OpenAI's GPT-5.6 Sol beats Claude on coding benchmarks — but it's locked to US-approved partners for now

June 27, 2026

OpenAI released its GPT-5.6 family of models on Saturday, but most developers won’t get access anytime soon. The company is holding back public availability while it complies with US government requirements that limit the initial rollout to a small group of “trusted partners.”

The lineup comes in three tiers. Sol is the flagship — $5 per million input tokens and $30 per million output tokens. Terra sits in the middle at $2.50 and $15. Luna, built for speed and cost, costs $1 and $6 at the same volumes. OpenAI also improved its prompt caching system, making repeated tokens cheaper and more predictable.

On the benchmarks, Sol delivered the strongest results. It scored 88.8% on Terminal-Bench 2.1 in standard mode, edging past Claude Mythos 5 at 88.0%. With the new Ultra mode — which uses sub-agents to break down complex tasks — Sol hit 91.9%. OpenAI also introduced a Max reasoning intensity setting that lets users trade compute for deeper analysis on hard problems.
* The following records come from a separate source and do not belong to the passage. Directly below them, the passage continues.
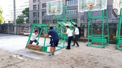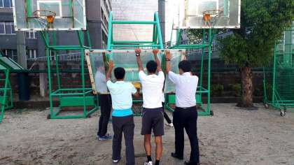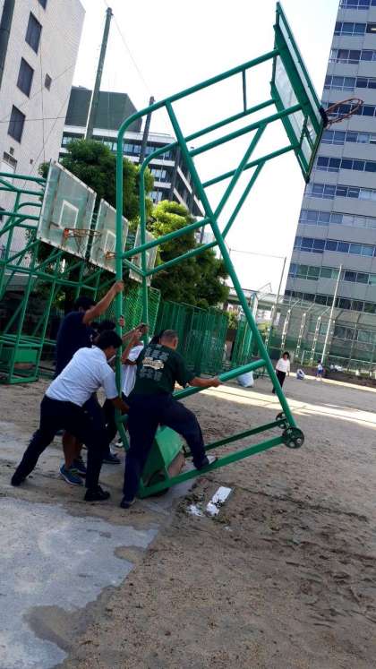 先生方も力を合わせて、バスケットゴールを復旧しています!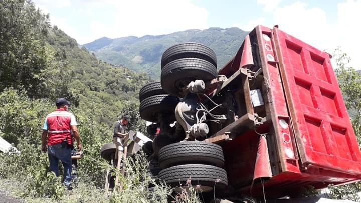 Los hecho sobre la carretera federal 120, a la altura de la comunidad Cuesta de Huazmazontla, un camión de carga evitó su caída a un profundo barranco gracias a una lamina de contención colocadas en la curva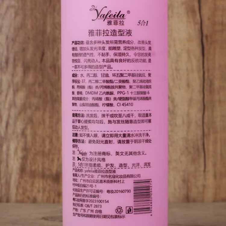 Yafila Official Direct Sales Yafila Styling Essence Moisturizing and Styling Volume Protector Elastin Five-in-One Soft Yafila Styling Liquid 250ml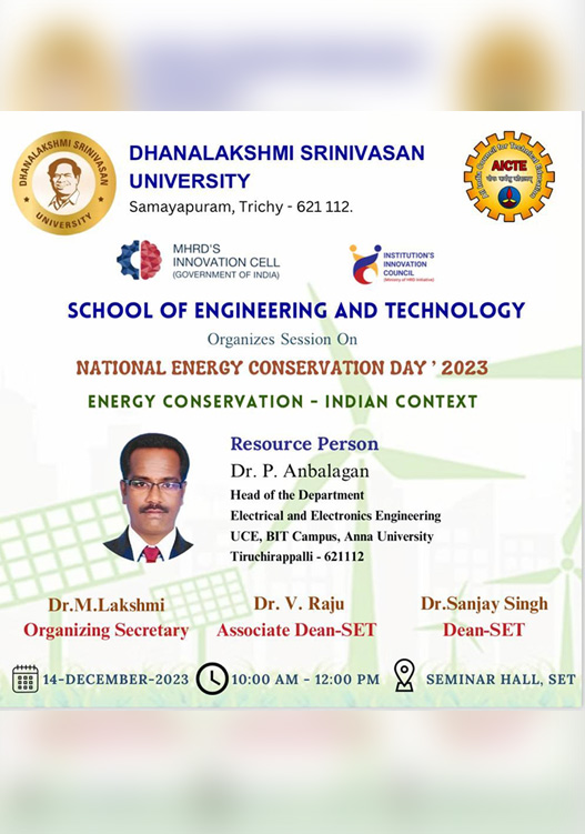 The National Energy Conservation Day (NECD)' 2023 celebration was organized by School of Engineering and Technology, Dhanalakshmi Srinivasan University, Samayapuram, Trichy - 621 112 in association with Institution’s Innovation Council (IIC) on 14.12.23 (Thursday). The participants were from School of Engineering and Technology. This NEC Day celebration started up with THAMIZH THAI VAZHTHU, followed by Dr. C. Suresh, Professor, Department of EEE, School of Engineering and Technology has delivered his welcome address and felicitation by Dr. V. Raju, Associate Dean, School of Engineering and Technology, Dhanalakshmi Srinivasan University, Tiruchirappalli.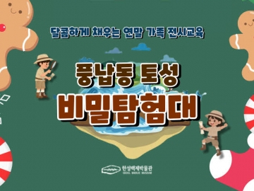 서울시 한성백제박물관(관장 김지연)이 연말을 맞아 가족이 함께 참여할 수 있는 특별 교육 프로그램 ‘풍납동 토성 비밀 탐험대’를 오는 12월 9일부터 12일까지 운영한다. 이번 프로그램은 박물관이 올해 선보인 선사·고대 기획전 ‘을축년 대홍수가 알려준 풍납동 토성의 비밀’과 연계해 어린이와 가족이 한성백제의 역사를 더욱 쉽게 이해할 수 있도록 기획됐다.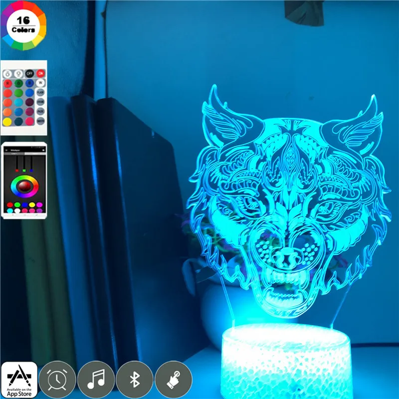 Акриловый ночник с изображением волка, 3D светодиодный светильник для клубной атмосферы, настольная лампа с лавовым основанием, меняющий цвет, ночник, подарок для детей на день рождения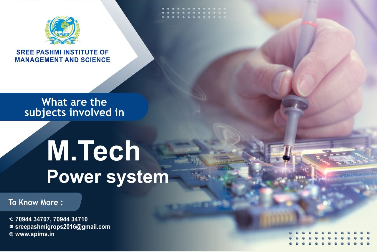 M.Tech Power system / M.Tech Power system What is it about/ Scope of M.Tech Power system / Salary of M.Tech Power system/ Importance of studying M.Tech Power system/ Benefits of taking M.Tech Power system M.Tech Power system/ M.Tech Power system in distance education/Eligibility for pursuing M.Tech Power system. The semester-wise M.Tech Power System Engineering subjects are designed to enhance the overall knowledge and give a deep understanding of the concepts to the students. The M.Tech Power System Engineering syllabus includes both theoretical classroom-based teaching and practical lab sessions for a better understanding of advanced application-related topics. The curriculum consists of both core and elective subjects to make the two-year-long program more flexible. The M.Tech Power System Engineering subjects list is as follows: → Power System Analysis and Operation → Power System Dynamics and Control → HVDC and Flexible AC Transmission Systems → Electric Power Quality → Power System Protection A few necessary skills for M.Tech Power System Engineering graduates are Complex Problem-Solving Skills, Strong Analytical Skills, Good Technical Skills, Team Management, Critical Thinking, and Strong Risk Assessment Skills. The program is beneficial for those interested in pursuing a career in power engineering or further study at the Ph.D. level. It also provides you with in-depth knowledge of novel types of electric drives and solid-state power converters, as well as their associated control systems, with an emphasis on computer control. M.Tech Power System Engineering syllabus is curated for two years and divided into four semesters. The syllabus is designed to introduce aspirants to processes of monitoring, developing, designing, and evaluating high-end power systems for managing a variety of challenging projects and research work. The postgraduate power system engineering course consists of both core and elective subjects that students can choose from. Some common M.Tech Power System Engineering subjects are Renewable and Distributed Energy Sources, Industrial Instrumentation, Smart Grid Technology, Advanced Digital Signal Processing, etc. Contact Sree Pashmi Institute of Management and Science to get enrolled for distance education degrees in the best-reputed university. This is the best leading institute for distance education in Coimbatore. All the study materials, E-materials, ID cards, Syllabus, Hall tickets, and Exam Time tables will be provided by us. You will get the proper guidance from the start till finishing your degree without any difficulties in between.

Model	Input ($/1M tokens)	Output ($/1M tokens)	Terminal-Bench 2.1
Sol	5.00	30.00	88.8% (91.9% Ultra)
Terra	2.50	15.00	—
Luna	1.00	6.00	—

GPT-5.6 Sol benchmark performance

The improvements go beyond coding. On GeneBench v1, a biology benchmark, Sol used fewer tokens than GPT-5.5 while returning better results. For researchers running large-scale bioinformatics workloads, that translates into a meaningful efficiency gain.

In cybersecurity, the model showed real gains on long-chain security tasks. On ExploitBench, Sol produced results close to Mythos Preview while using roughly a third of the output tokens. That’s a useful improvement for vulnerability researchers working through multi-step exploits.

Security benchmark comparison

Safety is handled through a layered system. Each model includes built-in refusal mechanisms, a real-time classifier on generated output, account-level risk screening, differential access controls, monitoring, and enforcement. When the system detects a high-risk situation, it pauses generation and passes the content to a larger reasoning model for review. If a violation is confirmed, the content is blocked before the user sees it.

Safety architecture diagram

OpenAI said it plans to make GPT-5.6 Sol, Terra, and Luna publicly available in the coming weeks. Separately, Sol will land on Cerebras hardware in July, where it will run at up to 750 tokens per second. That deployment will start with a limited set of customers.